Reproduce all of the data exactly. Images are not to appear in the reply.

*** Opening of THE DATA ***

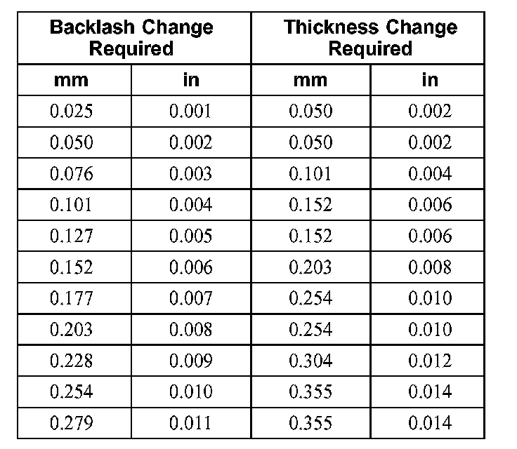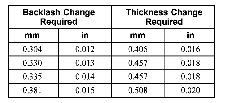 43. To correct for high or low backlash, increase the thickness of one differential bearing shim and decrease the thickness of the other differential bearing shim by the same amount. Refer to the Differential Shim Size Chart when adjusting the backlash. When the backlash is within specifications, install the differential assembly.
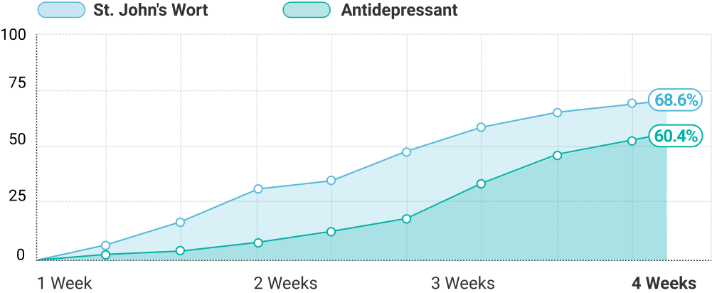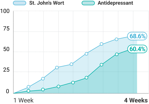St. John's Wort (as .3% extract) A controlled study in 241 people taking either St. John’s wort or an antidepressant found that 68.6% of people experienced a reduction in symptoms with St. John’s wort, compared to 60.4% of those on an antidepressant |
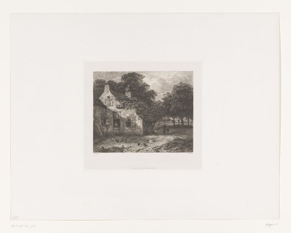 Pieter de Goeje’s etching, "Landscape with Watermill and Barn," presents a meticulously rendered rural scene where the interplay of light and shadow creates a tranquil, bucolic atmosphere. The composition is anchored by the structural forms of the watermill and barn, their thatched roofs and wooden textures delineated with careful precision. The artist's masterful use of line and shading invites us to explore the subtle gradations of tone, from the luminous highlights on the water's surface to the deep, shadowed recesses of the surrounding foliage. The geometry of the buildings contrasts with the organic forms of nature, creating a balanced yet dynamic visual experience. De Goeje’s careful rendering of detail—the texture of the wood, the flow of water, the play of light—speaks to the enduring artistic fascination with the mimetic representation of the natural world, a concern that occupied much of 19th-century art. The artwork captures a moment of serene contemplation, inviting us to reflect on the structural harmony between human construction and the natural world.
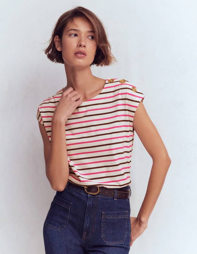 Promising review: "Love this top! Such nice quality fabric and buttons, also beautifully proportioned. Will order in more colorways. Note that the arm openings are on the small side, so consider sizing up." —Buzzybee
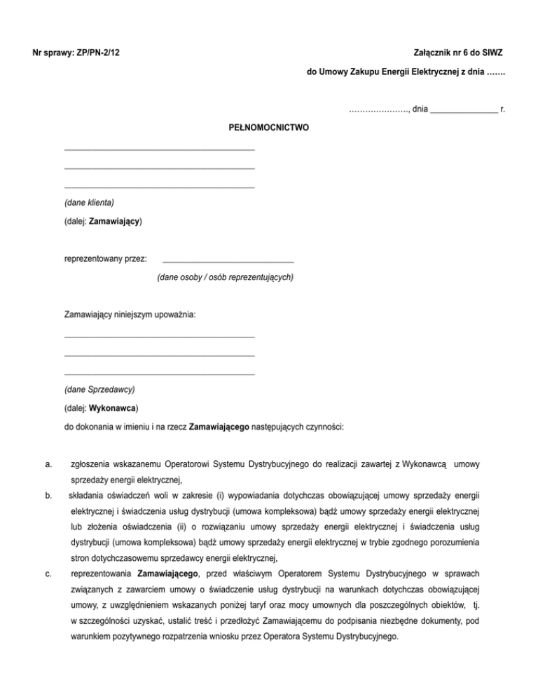Nr sprawy: ZP/PN-2/12 Załącznik nr 6 do SIWZ do Umowy Zakupu Energii Elektrycznej z dnia ……. …………………., dnia _______________ r. PEŁNOMOCNICTWO __________________________________________ __________________________________________ __________________________________________ (dane klienta) (dalej: Zamawiający) reprezentowany przez: _____________________________ (dane osoby / osób reprezentujących) Zamawiający niniejszym upoważnia: __________________________________________ __________________________________________ __________________________________________ (dane Sprzedawcy) (dalej: Wykonawca) do dokonania w imieniu i na rzecz Zamawiającego następujących czynności: a. zgłoszenia wskazanemu Operatorowi Systemu Dystrybucyjnego do realizacji zawartej z Wykonawcą umowy sprzedaży energii elektrycznej, b. składania oświadczeń woli w zakresie (i) wypowiadania dotychczas obowiązującej umowy sprzedaży energii elektrycznej i świadczenia usług dystrybucji (umowa kompleksowa) bądź umowy sprzedaży energii elektrycznej lub złożenia oświadczenia (ii) o rozwiązaniu umowy sprzedaży energii elektrycznej i świadczenia usług dystrybucji (umowa kompleksowa) bądź umowy sprzedaży energii elektrycznej w trybie zgodnego porozumienia stron dotychczasowemu sprzedawcy energii elektrycznej, c. reprezentowania Zamawiającego, przed właściwym Operatorem Systemu Dystrybucyjnego w sprawach związanych z zawarciem umowy o świadczenie usług dystrybucji na warunkach dotychczas obowiązującej umowy, z uwzględnieniem wskazanych poniżej taryf oraz mocy umownych dla poszczególnych obiektów, tj. w szczególności uzyskać, ustalić treść i przedłożyć Zamawiającemu do podpisania niezbędne dokumenty, pod warunkiem pozytywnego rozpatrzenia wniosku przez Operatora Systemu Dystrybucyjnego.

*** Close of THE DATA ***

SOLVED PROBLEM:
 43. To correct for high or low backlash, increase the thickness of one differential bearing shim and decrease the thickness of the other differential bearing shim by the same amount. Refer to the Differential Shim Size Chart when adjusting the backlash. When the backlash is within specifications, install the differential assembly.
St. John's Wort (as .3% extract) A controlled study in 241 people taking either St. John’s wort or an antidepressant found that 68.6% of people experienced a reduction in symptoms with St. John’s wort, compared to 60.4% of those on an antidepressant |
 Pieter de Goeje’s etching, "Landscape with Watermill and Barn," presents a meticulously rendered rural scene where the interplay of light and shadow creates a tranquil, bucolic atmosphere. The composition is anchored by the structural forms of the watermill and barn, their thatched roofs and wooden textures delineated with careful precision. The artist's masterful use of line and shading invites us to explore the subtle gradations of tone, from the luminous highlights on the water's surface to the deep, shadowed recesses of the surrounding foliage. The geometry of the buildings contrasts with the organic forms of nature, creating a balanced yet dynamic visual experience. De Goeje’s careful rendering of detail—the texture of the wood, the flow of water, the play of light—speaks to the enduring artistic fascination with the mimetic representation of the natural world, a concern that occupied much of 19th-century art. The artwork captures a moment of serene contemplation, inviting us to reflect on the structural harmony between human construction and the natural world.
 Promising review: "Love this top! Such nice quality fabric and buttons, also beautifully proportioned. Will order in more colorways. Note that the arm openings are on the small side, so consider sizing up." —Buzzybee
Nr sprawy: ZP/PN-2/12 Załącznik nr 6 do SIWZ do Umowy Zakupu Energii Elektrycznej z dnia ……. …………………., dnia _______________ r. PEŁNOMOCNICTWO __________________________________________ __________________________________________ __________________________________________ (dane klienta) (dalej: Zamawiający) reprezentowany przez: _____________________________ (dane osoby / osób reprezentujących) Zamawiający niniejszym upoważnia: __________________________________________ __________________________________________ __________________________________________ (dane Sprzedawcy) (dalej: Wykonawca) do dokonania w imieniu i na rzecz Zamawiającego następujących czynności: a. zgłoszenia wskazanemu Operatorowi Systemu Dystrybucyjnego do realizacji zawartej z Wykonawcą umowy sprzedaży energii elektrycznej, b. składania oświadczeń woli w zakresie (i) wypowiadania dotychczas obowiązującej umowy sprzedaży energii elektrycznej i świadczenia usług dystrybucji (umowa kompleksowa) bądź umowy sprzedaży energii elektrycznej lub złożenia oświadczenia (ii) o rozwiązaniu umowy sprzedaży energii elektrycznej i świadczenia usług dystrybucji (umowa kompleksowa) bądź umowy sprzedaży energii elektrycznej w trybie zgodnego porozumienia stron dotychczasowemu sprzedawcy energii elektrycznej, c. reprezentowania Zamawiającego, przed właściwym Operatorem Systemu Dystrybucyjnego w sprawach związanych z zawarciem umowy o świadczenie usług dystrybucji na warunkach dotychczas obowiązującej umowy, z uwzględnieniem wskazanych poniżej taryf oraz mocy umownych dla poszczególnych obiektów, tj. w szczególności uzyskać, ustalić treść i przedłożyć Zamawiającemu do podpisania niezbędne dokumenty, pod warunkiem pozytywnego rozpatrzenia wniosku przez Operatora Systemu Dystrybucyjnego.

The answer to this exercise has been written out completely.